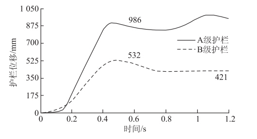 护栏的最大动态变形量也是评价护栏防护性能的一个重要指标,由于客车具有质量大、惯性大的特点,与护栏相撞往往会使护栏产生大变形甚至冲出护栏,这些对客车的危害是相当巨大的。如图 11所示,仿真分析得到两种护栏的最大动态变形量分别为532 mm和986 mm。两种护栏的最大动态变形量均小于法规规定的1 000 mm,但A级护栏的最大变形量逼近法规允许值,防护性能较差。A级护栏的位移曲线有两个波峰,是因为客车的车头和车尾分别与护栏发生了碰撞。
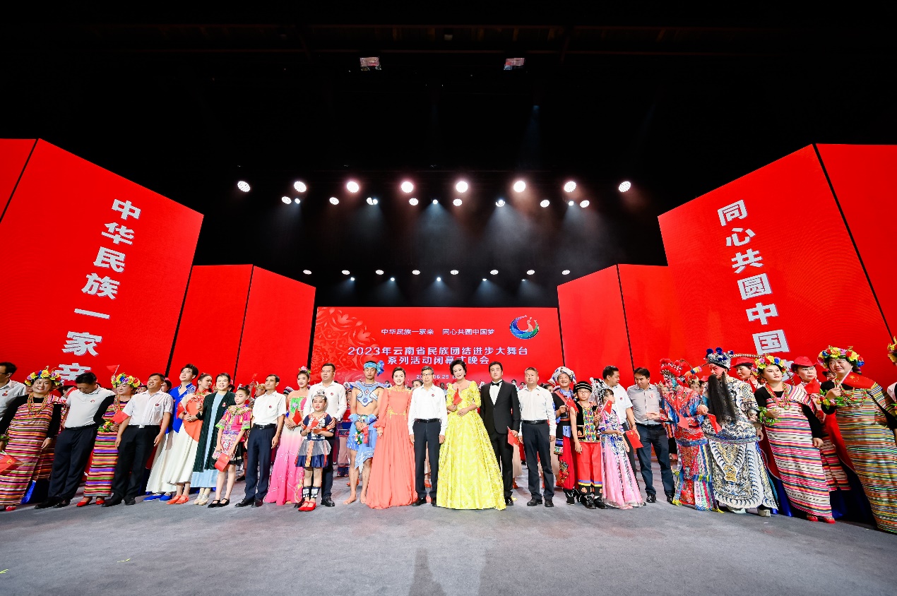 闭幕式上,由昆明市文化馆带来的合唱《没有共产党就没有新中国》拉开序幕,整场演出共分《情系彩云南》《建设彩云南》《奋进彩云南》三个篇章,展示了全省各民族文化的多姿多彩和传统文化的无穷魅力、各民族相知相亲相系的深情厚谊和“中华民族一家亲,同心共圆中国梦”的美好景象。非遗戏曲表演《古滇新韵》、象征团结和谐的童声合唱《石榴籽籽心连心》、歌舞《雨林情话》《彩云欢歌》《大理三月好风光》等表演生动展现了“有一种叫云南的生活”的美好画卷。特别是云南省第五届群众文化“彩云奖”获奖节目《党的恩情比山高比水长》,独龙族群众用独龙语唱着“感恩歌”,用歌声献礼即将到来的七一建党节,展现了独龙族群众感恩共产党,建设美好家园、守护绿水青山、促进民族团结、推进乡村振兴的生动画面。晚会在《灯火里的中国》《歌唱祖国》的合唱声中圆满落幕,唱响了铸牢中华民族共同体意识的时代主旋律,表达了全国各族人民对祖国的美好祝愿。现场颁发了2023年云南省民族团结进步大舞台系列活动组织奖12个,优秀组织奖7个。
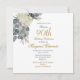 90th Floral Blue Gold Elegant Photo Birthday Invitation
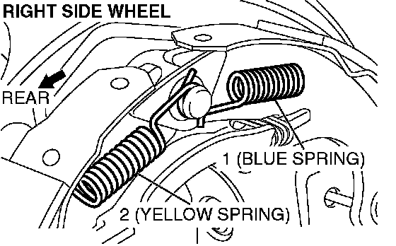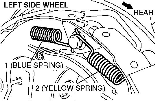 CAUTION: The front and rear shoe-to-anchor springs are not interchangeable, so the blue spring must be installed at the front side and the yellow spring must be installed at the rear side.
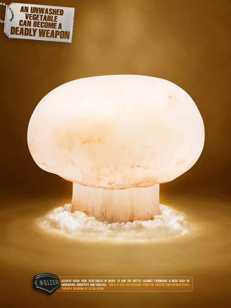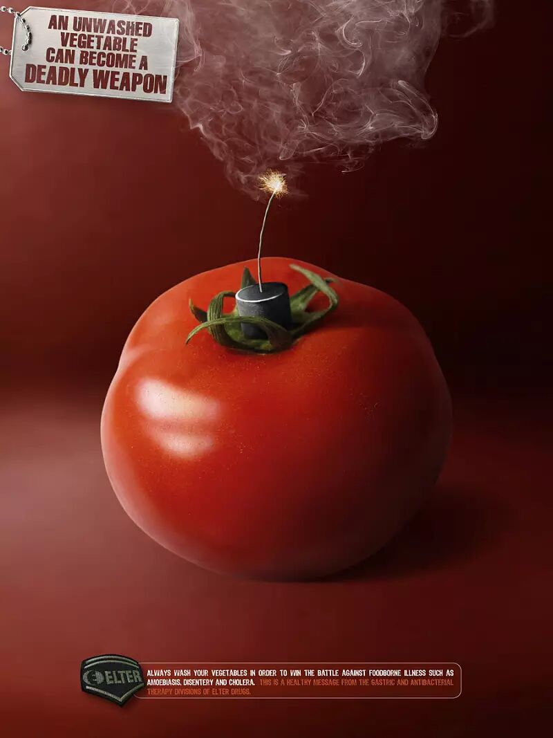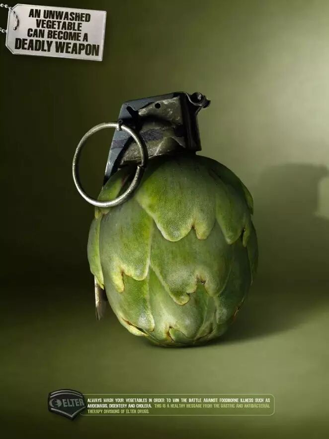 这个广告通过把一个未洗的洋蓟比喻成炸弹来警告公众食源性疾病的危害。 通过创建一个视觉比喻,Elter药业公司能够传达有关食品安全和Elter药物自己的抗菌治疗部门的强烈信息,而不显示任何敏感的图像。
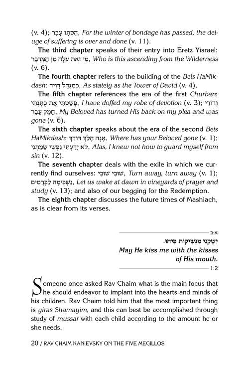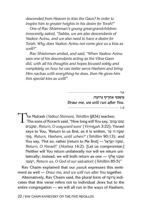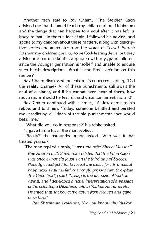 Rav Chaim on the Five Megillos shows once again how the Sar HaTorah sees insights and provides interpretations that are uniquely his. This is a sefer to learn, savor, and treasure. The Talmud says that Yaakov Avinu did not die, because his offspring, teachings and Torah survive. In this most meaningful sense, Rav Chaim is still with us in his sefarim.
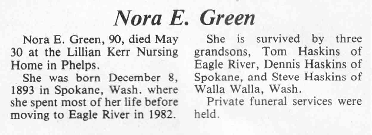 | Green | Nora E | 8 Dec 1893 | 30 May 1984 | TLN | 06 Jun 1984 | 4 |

____________

When you output the listing, reproduce it exactly but drop its pictures.

[Task result]:
 护栏的最大动态变形量也是评价护栏防护性能的一个重要指标,由于客车具有质量大、惯性大的特点,与护栏相撞往往会使护栏产生大变形甚至冲出护栏,这些对客车的危害是相当巨大的。如图 11所示,仿真分析得到两种护栏的最大动态变形量分别为532 mm和986 mm。两种护栏的最大动态变形量均小于法规规定的1 000 mm,但A级护栏的最大变形量逼近法规允许值,防护性能较差。A级护栏的位移曲线有两个波峰,是因为客车的车头和车尾分别与护栏发生了碰撞。
 闭幕式上,由昆明市文化馆带来的合唱《没有共产党就没有新中国》拉开序幕,整场演出共分《情系彩云南》《建设彩云南》《奋进彩云南》三个篇章,展示了全省各民族文化的多姿多彩和传统文化的无穷魅力、各民族相知相亲相系的深情厚谊和“中华民族一家亲,同心共圆中国梦”的美好景象。非遗戏曲表演《古滇新韵》、象征团结和谐的童声合唱《石榴籽籽心连心》、歌舞《雨林情话》《彩云欢歌》《大理三月好风光》等表演生动展现了“有一种叫云南的生活”的美好画卷。特别是云南省第五届群众文化“彩云奖”获奖节目《党的恩情比山高比水长》,独龙族群众用独龙语唱着“感恩歌”,用歌声献礼即将到来的七一建党节,展现了独龙族群众感恩共产党,建设美好家园、守护绿水青山、促进民族团结、推进乡村振兴的生动画面。晚会在《灯火里的中国》《歌唱祖国》的合唱声中圆满落幕,唱响了铸牢中华民族共同体意识的时代主旋律,表达了全国各族人民对祖国的美好祝愿。现场颁发了2023年云南省民族团结进步大舞台系列活动组织奖12个,优秀组织奖7个。
 90th Floral Blue Gold Elegant Photo Birthday Invitation
 CAUTION: The front and rear shoe-to-anchor springs are not interchangeable, so the blue spring must be installed at the front side and the yellow spring must be installed at the rear side.
 这个广告通过把一个未洗的洋蓟比喻成炸弹来警告公众食源性疾病的危害。 通过创建一个视觉比喻,Elter药业公司能够传达有关食品安全和Elter药物自己的抗菌治疗部门的强烈信息,而不显示任何敏感的图像。
 Rav Chaim on the Five Megillos shows once again how the Sar HaTorah sees insights and provides interpretations that are uniquely his. This is a sefer to learn, savor, and treasure. The Talmud says that Yaakov Avinu did not die, because his offspring, teachings and Torah survive. In this most meaningful sense, Rav Chaim is still with us in his sefarim.
 | Green | Nora E | 8 Dec 1893 | 30 May 1984 | TLN | 06 Jun 1984 | 4 |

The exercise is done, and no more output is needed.